PROBLEM REQUIREMENTS ▸
Shown below are entries with pictures; the line with "四>选中主武器选XREF SCENE...这一项然后选NVERT SELECTE把它导出" through the line with "Upgrade your beauty" is the span to retype exactly, and the pictures stay out.

DATA RECORDS ▸
────────────────────────────────────────

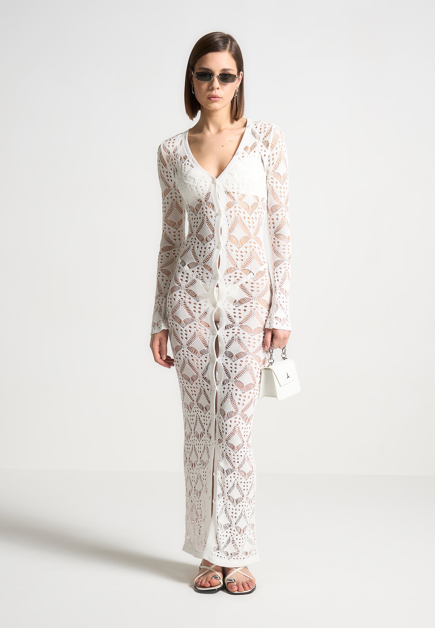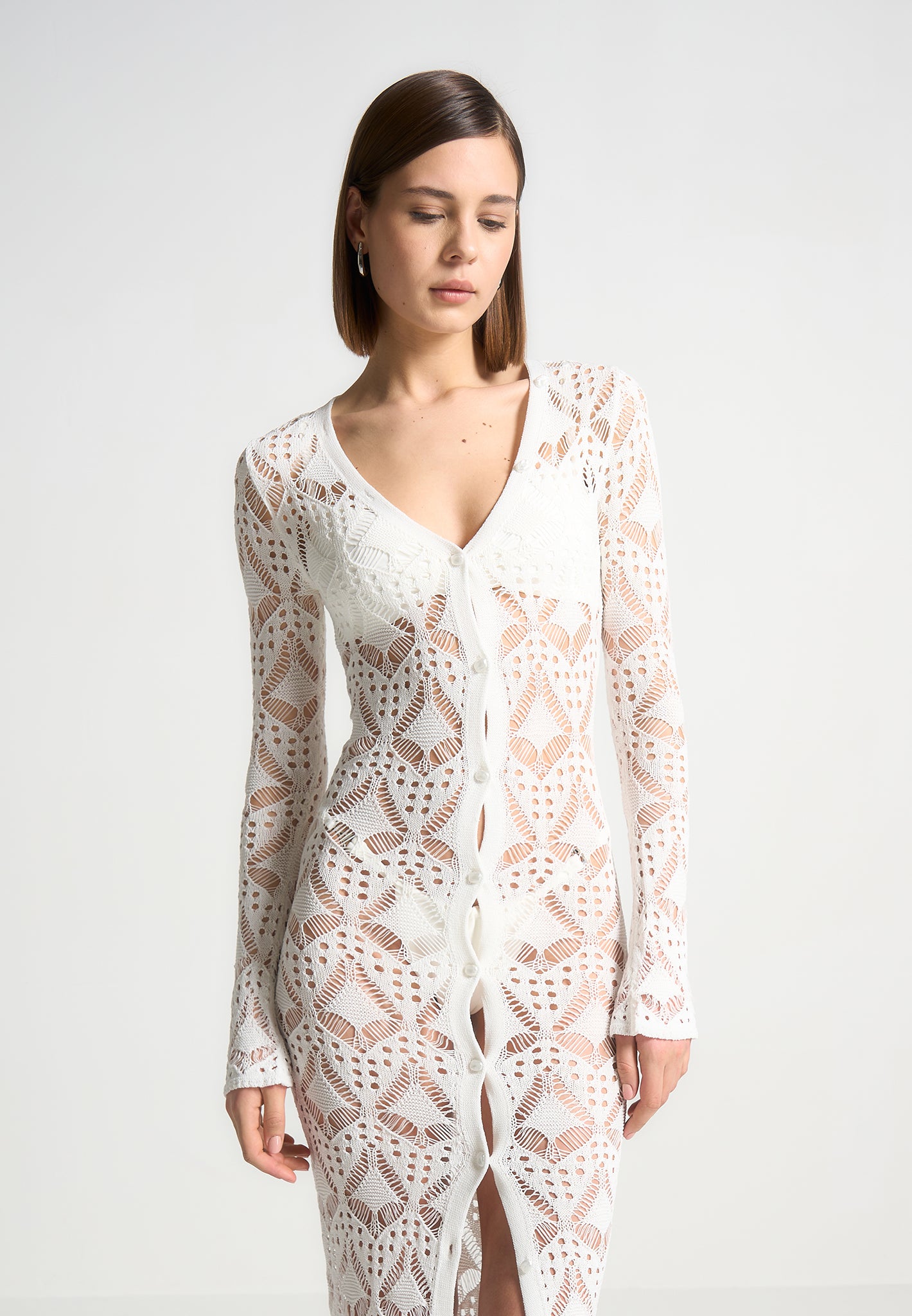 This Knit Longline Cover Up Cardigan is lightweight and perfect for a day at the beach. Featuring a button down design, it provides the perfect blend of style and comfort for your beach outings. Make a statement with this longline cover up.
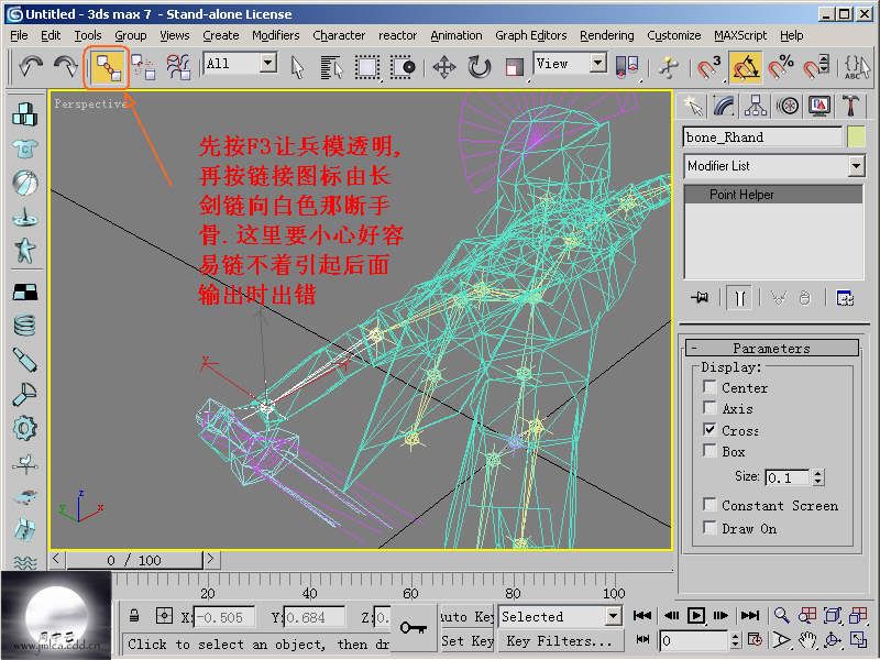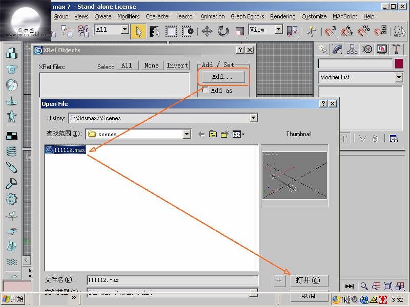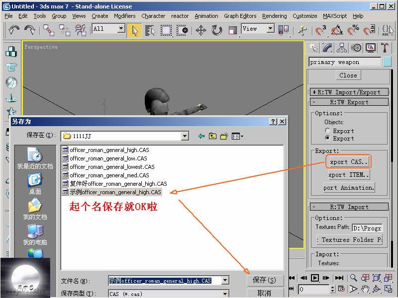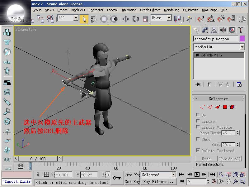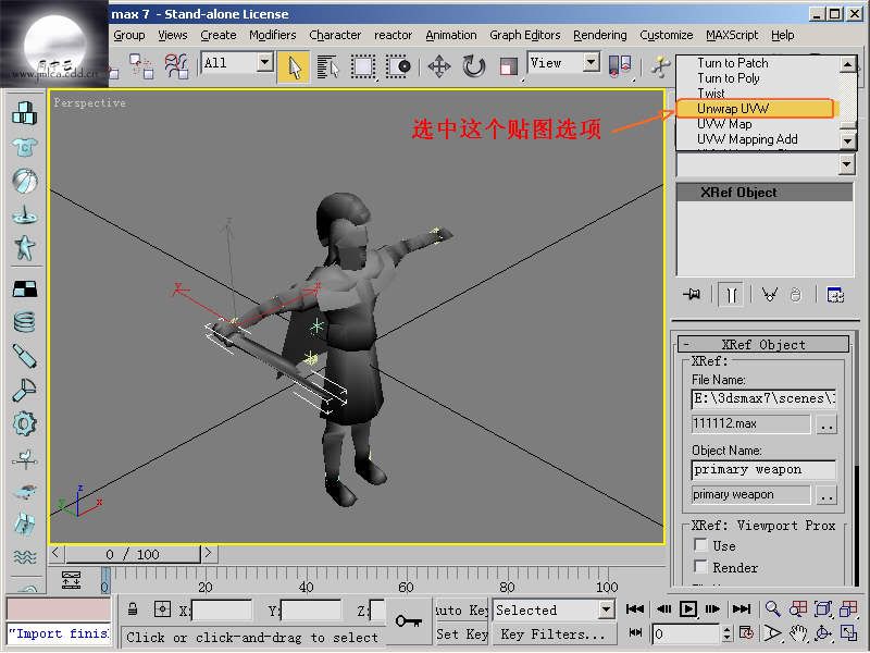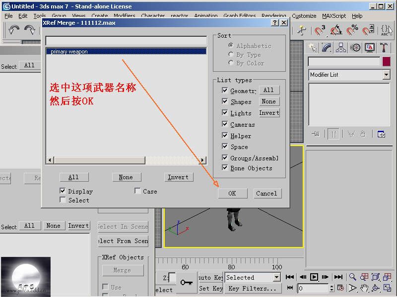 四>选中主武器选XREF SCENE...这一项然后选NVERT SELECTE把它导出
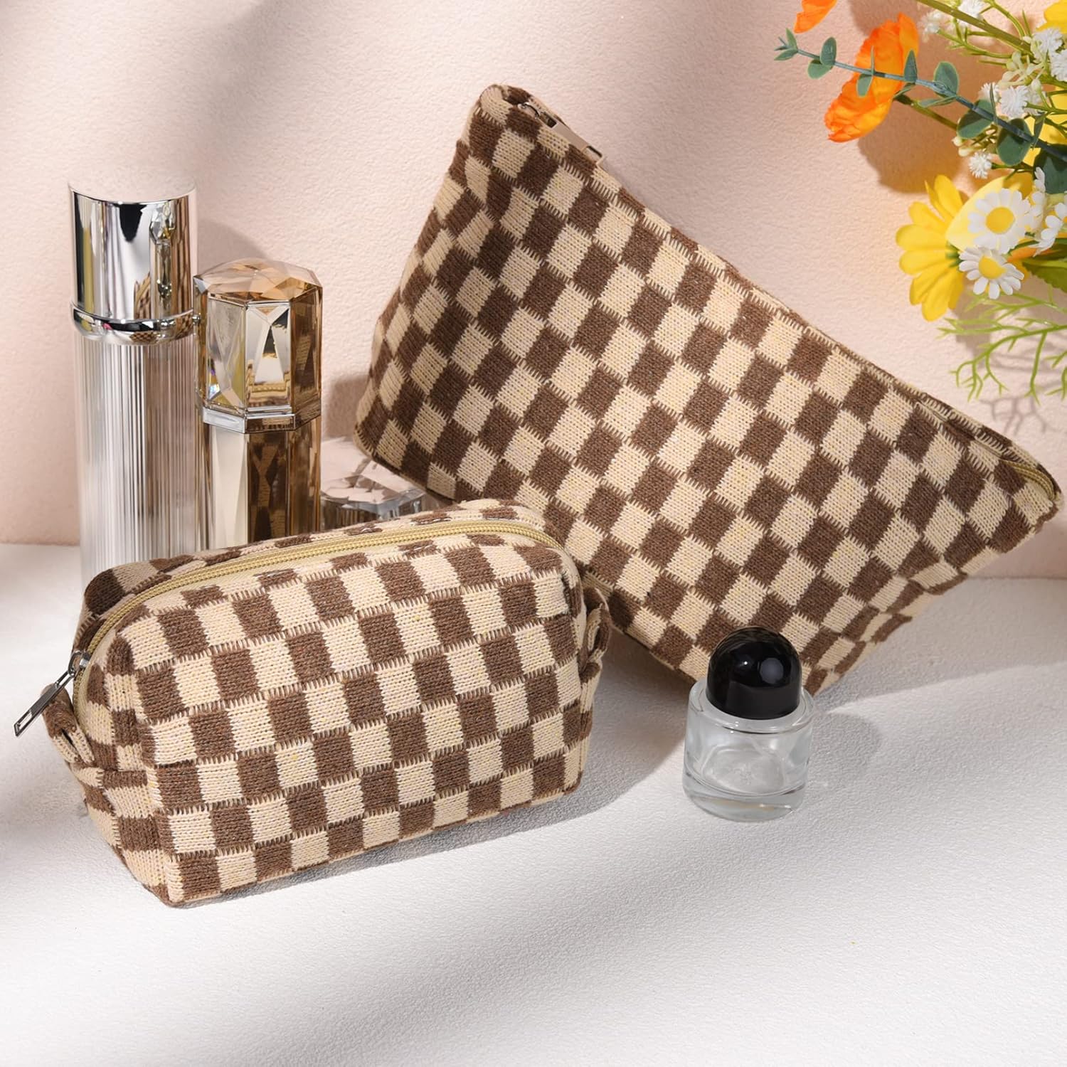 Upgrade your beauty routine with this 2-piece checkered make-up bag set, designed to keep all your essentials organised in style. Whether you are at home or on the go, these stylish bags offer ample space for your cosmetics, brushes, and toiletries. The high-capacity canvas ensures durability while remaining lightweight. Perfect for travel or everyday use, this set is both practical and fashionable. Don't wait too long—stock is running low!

────────────────────────────────────────

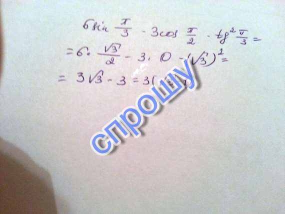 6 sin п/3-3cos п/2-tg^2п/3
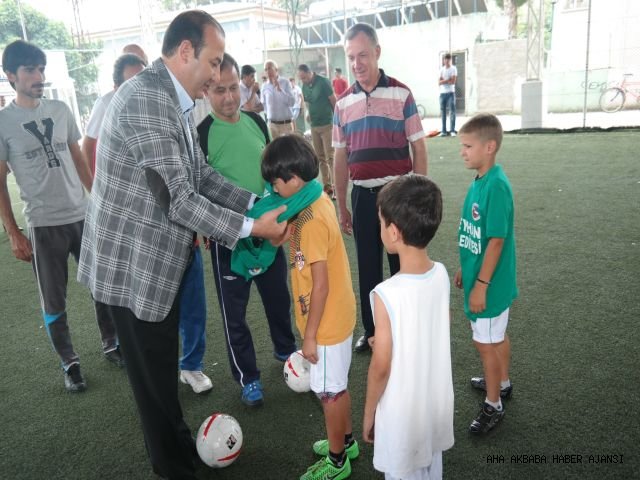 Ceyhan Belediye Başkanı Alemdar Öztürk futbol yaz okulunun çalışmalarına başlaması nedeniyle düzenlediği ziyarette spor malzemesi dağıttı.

────────────────────────────────────────

ANSWER TO THE EXERCISE ▸
 四>选中主武器选XREF SCENE...这一项然后选NVERT SELECTE把它导出
 Upgrade your beauty routine with this 2-piece checkered make-up bag set, designed to keep all your essentials organised in style. Whether you are at home or on the go, these stylish bags offer ample space for your cosmetics, brushes, and toiletries. The high-capacity canvas ensures durability while remaining lightweight. Perfect for travel or everyday use, this set is both practical and fashionable. Don't wait too long—stock is running low!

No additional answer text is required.